Required action >>
Only the lines from the start of the data through the line containing "An Olympus Pen F" should be written out, exactly as they are, with both ends included and the pictures left out.
:::::
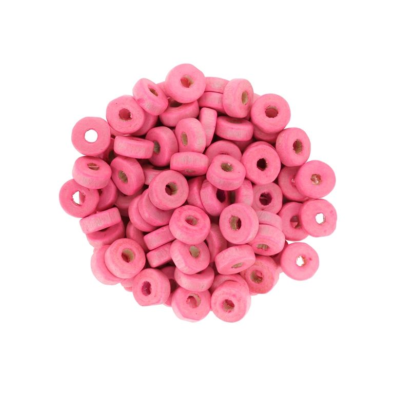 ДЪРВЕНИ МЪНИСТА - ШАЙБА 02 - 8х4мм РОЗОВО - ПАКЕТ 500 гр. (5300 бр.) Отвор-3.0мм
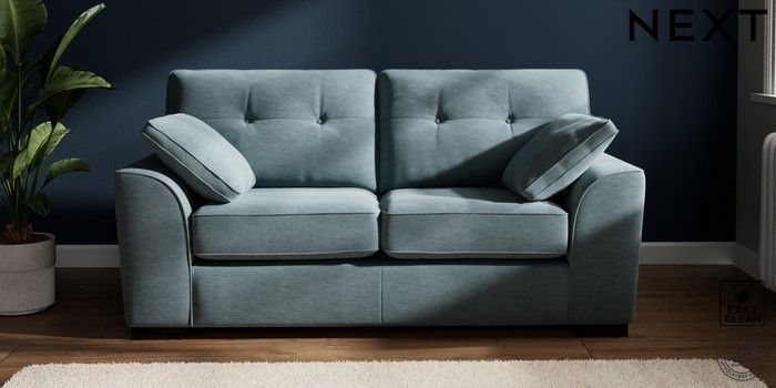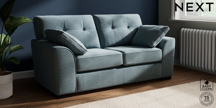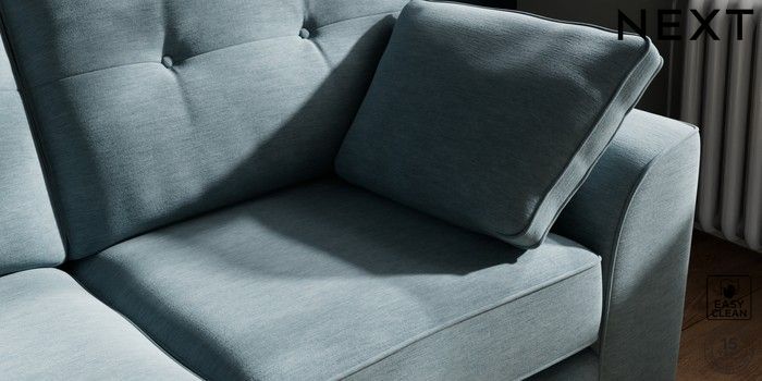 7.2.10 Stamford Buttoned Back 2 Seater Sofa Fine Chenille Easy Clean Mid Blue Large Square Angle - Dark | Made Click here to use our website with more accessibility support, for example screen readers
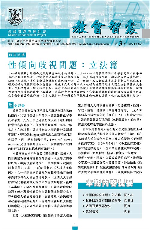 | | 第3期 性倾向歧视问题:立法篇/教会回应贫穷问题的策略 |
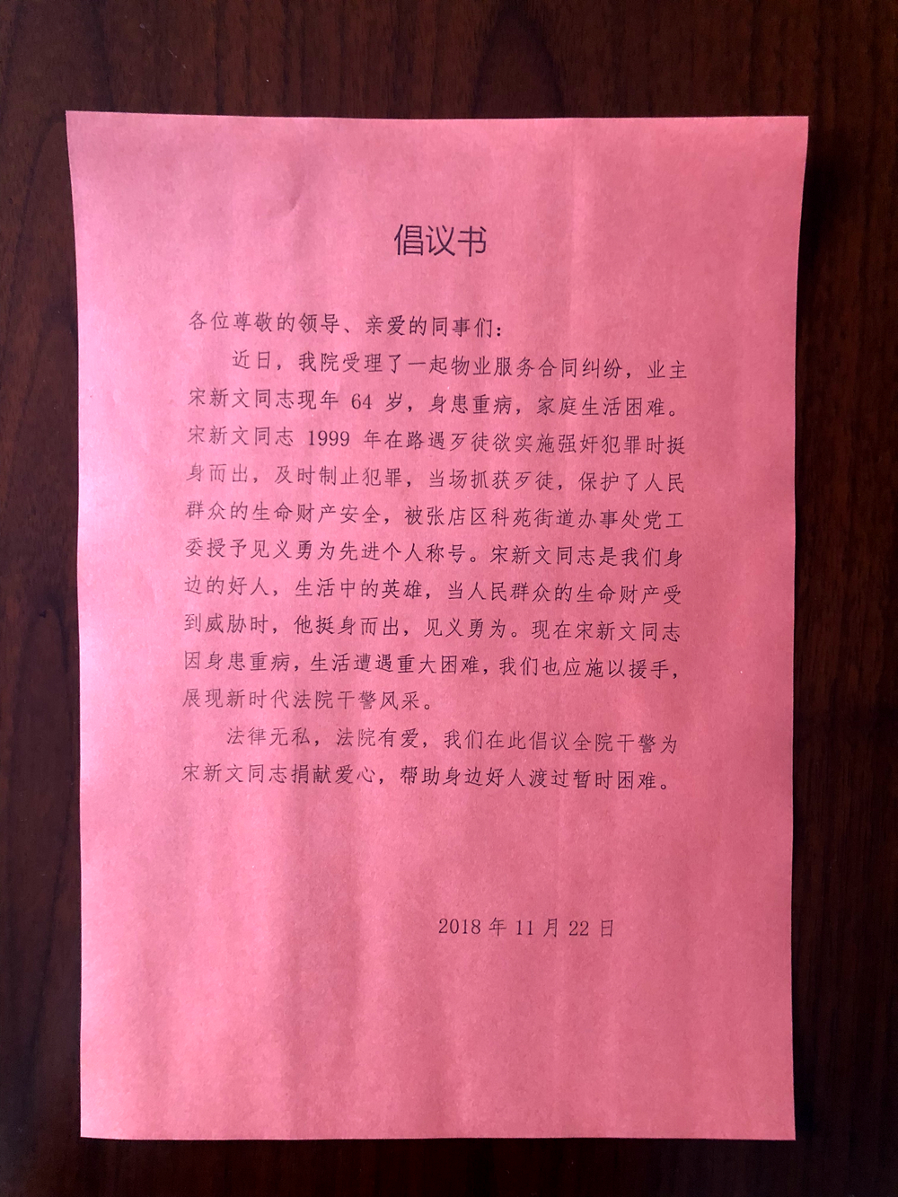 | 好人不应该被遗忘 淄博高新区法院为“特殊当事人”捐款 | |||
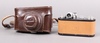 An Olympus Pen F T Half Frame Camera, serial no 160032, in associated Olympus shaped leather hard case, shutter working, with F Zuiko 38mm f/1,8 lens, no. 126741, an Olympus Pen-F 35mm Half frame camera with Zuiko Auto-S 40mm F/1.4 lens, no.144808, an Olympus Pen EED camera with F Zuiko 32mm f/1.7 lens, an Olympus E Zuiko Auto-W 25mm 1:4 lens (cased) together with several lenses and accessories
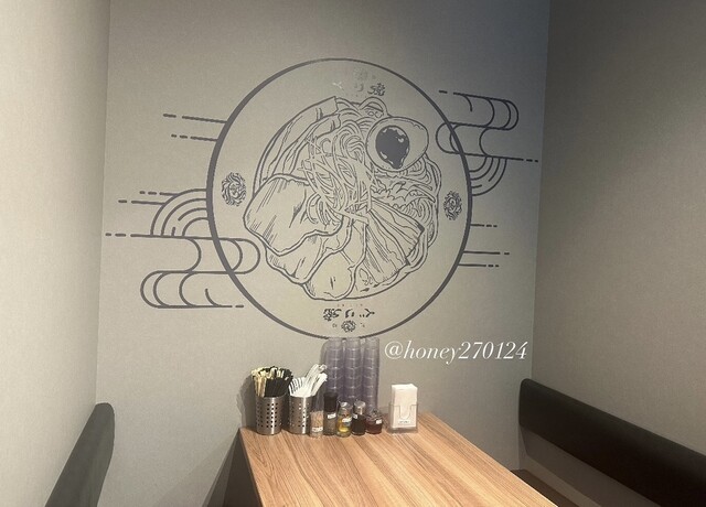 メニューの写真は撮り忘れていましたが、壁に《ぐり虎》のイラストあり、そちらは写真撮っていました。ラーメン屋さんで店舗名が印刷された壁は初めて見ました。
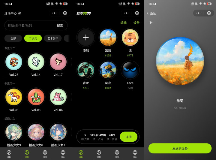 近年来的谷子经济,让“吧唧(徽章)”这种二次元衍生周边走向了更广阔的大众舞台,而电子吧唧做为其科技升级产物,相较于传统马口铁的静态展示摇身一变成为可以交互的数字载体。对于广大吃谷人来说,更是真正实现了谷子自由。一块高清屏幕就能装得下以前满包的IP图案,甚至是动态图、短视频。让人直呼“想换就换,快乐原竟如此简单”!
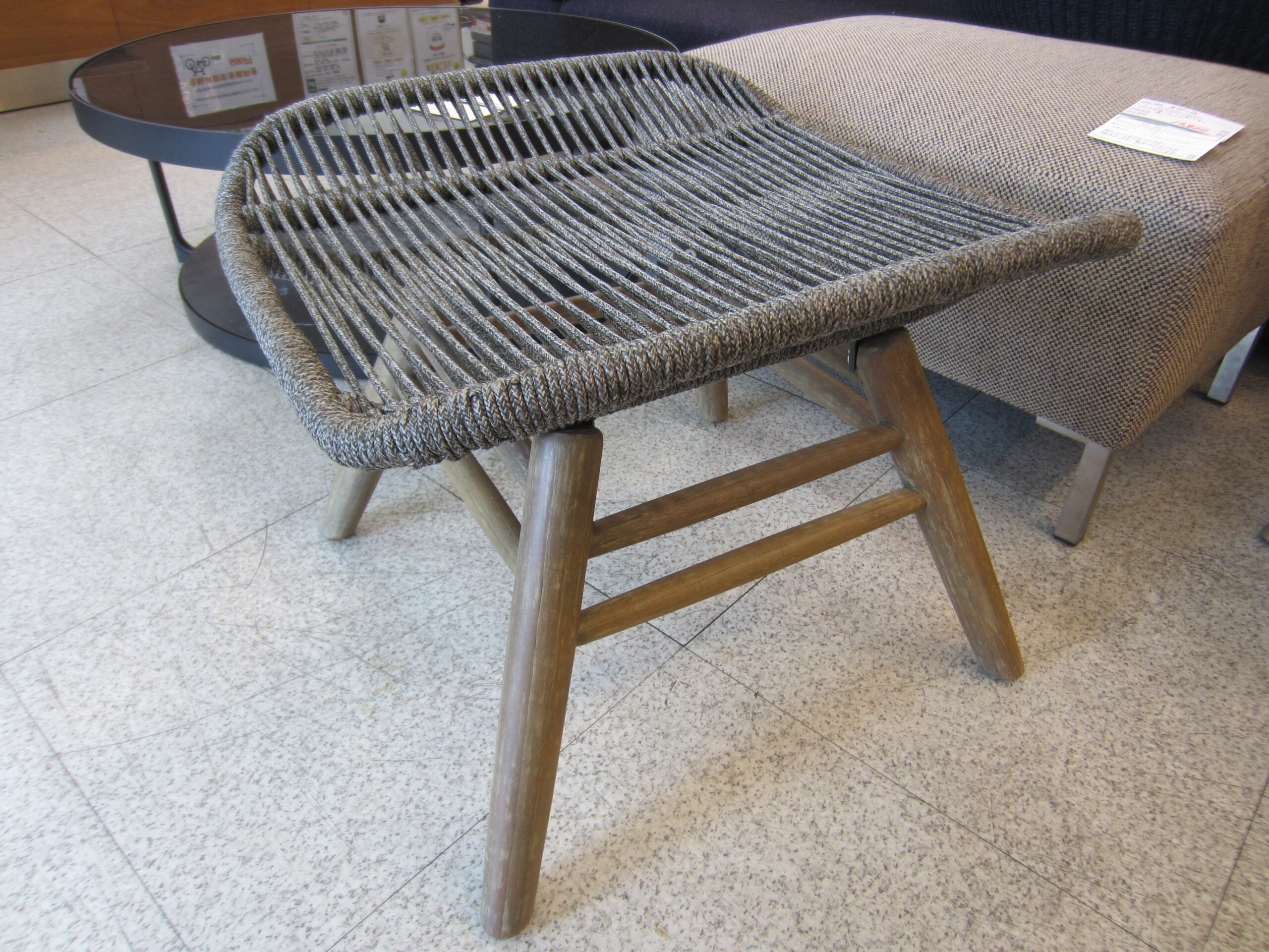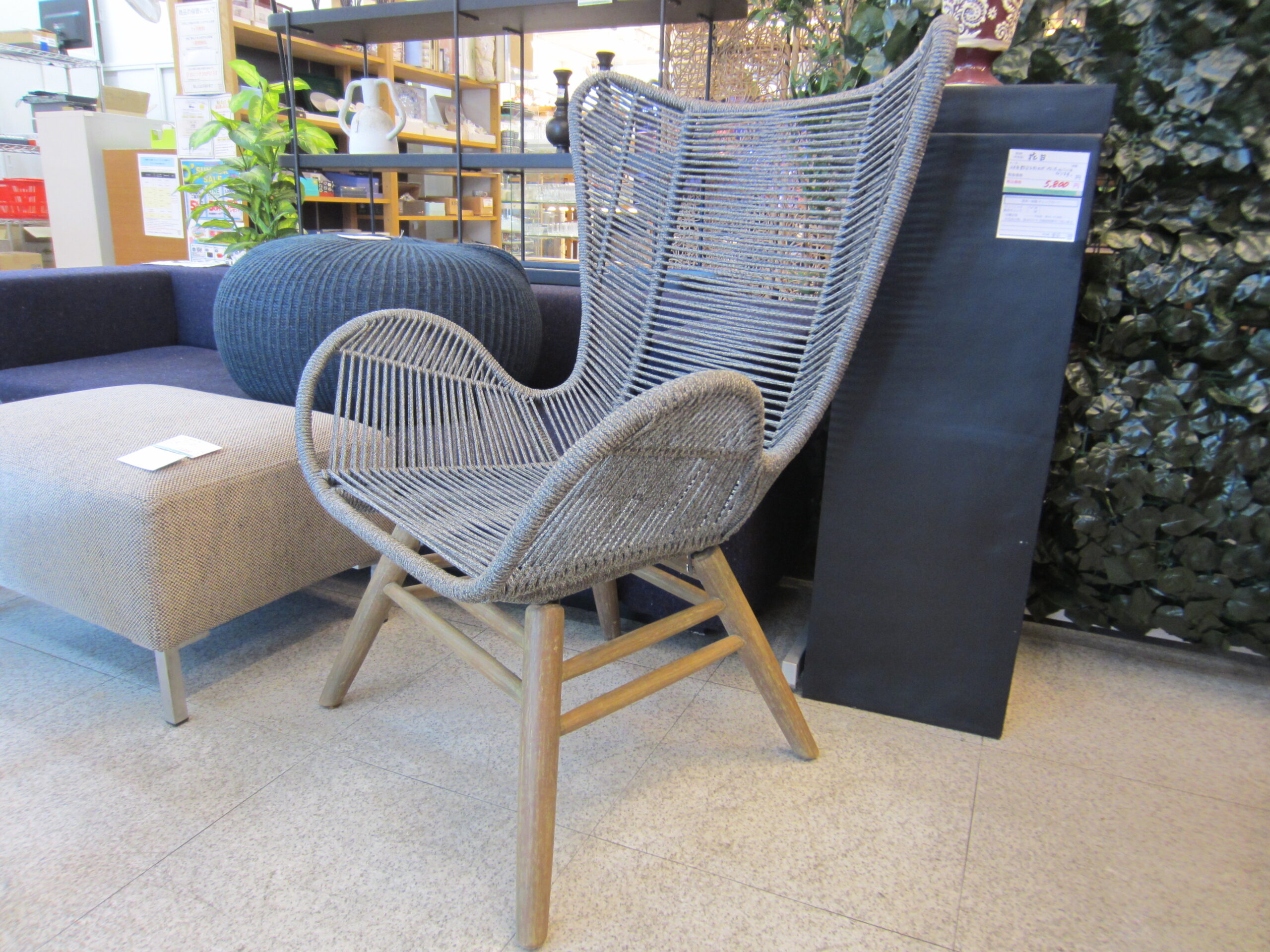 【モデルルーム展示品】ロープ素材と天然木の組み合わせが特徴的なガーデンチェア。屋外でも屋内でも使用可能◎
:::::
Solved problem >>
 ДЪРВЕНИ МЪНИСТА - ШАЙБА 02 - 8х4мм РОЗОВО - ПАКЕТ 500 гр. (5300 бр.) Отвор-3.0мм
 7.2.10 Stamford Buttoned Back 2 Seater Sofa Fine Chenille Easy Clean Mid Blue Large Square Angle - Dark | Made Click here to use our website with more accessibility support, for example screen readers
 | | 第3期 性倾向歧视问题:立法篇/教会回应贫穷问题的策略 |
 | 好人不应该被遗忘 淄博高新区法院为“特殊当事人”捐款 | |||
 An Olympus Pen F T Half Frame Camera, serial no 160032, in associated Olympus shaped leather hard case, shutter working, with F Zuiko 38mm f/1,8 lens, no. 126741, an Olympus Pen-F 35mm Half frame camera with Zuiko Auto-S 40mm F/1.4 lens, no.144808, an Olympus Pen EED camera with F Zuiko 32mm f/1.7 lens, an Olympus E Zuiko Auto-W 25mm 1:4 lens (cased) together with several lenses and accessories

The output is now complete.